Association for the Taxation of Financial Transactions and for Citizens' Action

ATTAC
Type Voluntary association
Founded June 3, 1998 (1998-june-03)
Location Paris, France
Origins A single-issue movement that was founded in France after the publication in the Monde Diplomatique of an Ignacio Ramonet's editorial entitled "Disarm the markets" that launched the notion of creating an association to promote the Tobin tax.
Area served worldwide
Mission International movement working towards social, environmental and democratic alternatives in the globalization process.
Method Popular education, meetings, conferences, counter-arguments documents
Members 90,000
Motto "Another World is possible"
Website www.attac.org

The Association pour la taxation des transactions financières et pour l'action citoyenne (Association for the Taxation of Financial Transactions and for Citizens' Action, ATTAC) is an activist organization originally created for promoting the establishment of a tax on foreign exchange transactions.

Contents

Background

Originally a single-issue movement demanding the introduction of the so-called Tobin tax on currency speculation, ATTAC now devotes itself to a wide range of issues related to globalisation, monitoring the decisions of the World Trade Organization (WTO), the Organisation for Economic Co-operation and Development (OECD) and the International Monetary Fund (IMF). ATTAC attends the meetings of the G8 with the goal of influencing policymakers' decisions. Attac recently criticised Germany for what it called the criminalisation of anti-G8 groups.[1]

ATTAC is not an anti-globalization movement, but it criticises the neoliberal ideology that it sees as dominating economic globalisation. It supports globalisation policies that they characterise as sustainable and socially just. One of ATTAC's slogans is "The World is not for sale", denouncing the "merchandisation" of society. Another slogan is "Another world is possible" pointing to an alternative globalization where people and not profit is in focus.

James Tobin opposing Attac

Attac was originally founded to promote Tobin tax by the Keynesian economist James Tobin. Tobin himself has accused Attac for misusing his name and said that he has nothing in common with Attac and is a supporter of free trade — "everything that these movements are attacking. They're misusing my name." [2]

Organisational history

In December 1997, Ignacio Ramonet wrote in Le Monde diplomatique an editorial in which he advocated the establishment of the Tobin tax and the creation of an organisation to pressure governments around the world to introduce the tax.
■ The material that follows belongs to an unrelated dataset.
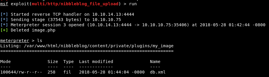 Kodu incelediğimizde admin parolası ile giriş yapıp eklentideki file upload zafiyetinden faydalanarak image.php adında bir PHP dosyası göndererek kod çalıştırmakta. Tabii bunu yaparken parolayı bilmek gerek. Dolayısıyla script yazmaya dahi gerek kalmadan “admin:admin,admin:root,admin:nibbler,admin:nibbles” denemeleri sonucunda parolayı buluyorum.Exploit ettikten sonra yetkimizi alıyoruz.

ATTAC was created on June 3, 1998, during a constitutive assembly in France. While it was founded in France it now exists in over forty countries around the world. In France, politicians from the left are members of the association.

ATTAC functions on a principle of decentralisation: local associations organise meetings, conferences, and compose documents that become counter-arguments to the perceived neoliberal discourse. ATTAC aims to formalise the possibility of an alternative to the neoliberal society that is currently required of globalisation. ATTAC aspires to be a movement of popular education.

Views on Attac and its members in different countries

Finland

Communist Juhani Lohikoski, previously a chairman of Communist Youth League and Socialist League, served as the chairman of Finnish Attac for two terms (2002 - 2004). Yrjö Hakanen, pro-Soviet chairman of the Communist Party of Finland, was a member of the board and a member of the founding committee. In March 2002 Aimo Kairamo, the long-time chief editor of the party organ of the Social Democrat Party, resigned from Attac and recommended the same decision for other social democrats because of the left-wing minority communists' leading positions. Soon also the social democrat foreign minister Erkki Tuomioja considered to follow Kairamo's example[3].

Sweden

Researcher Malin Gawell covers the birth and development of Attac Sweden in her doctoral thesis on activist entrepreneurship. She suggests that Attac in Sweden was formed by people seeking a new way of organising with flat hierarchy, and with the strongly sensed need of making a change as the driving force. [4]
From another perspective, Sydsvenskan newspaper suggested that the downturn of memberships in Swedish Attac after the hype in the beginning of 2001 may be due to its views on trade policies. [5]

Issues and activities

The main issues covered by ATTAC today are:

In France, ATTAC associates with many other left-wing causes. ATTAC supports José Bové.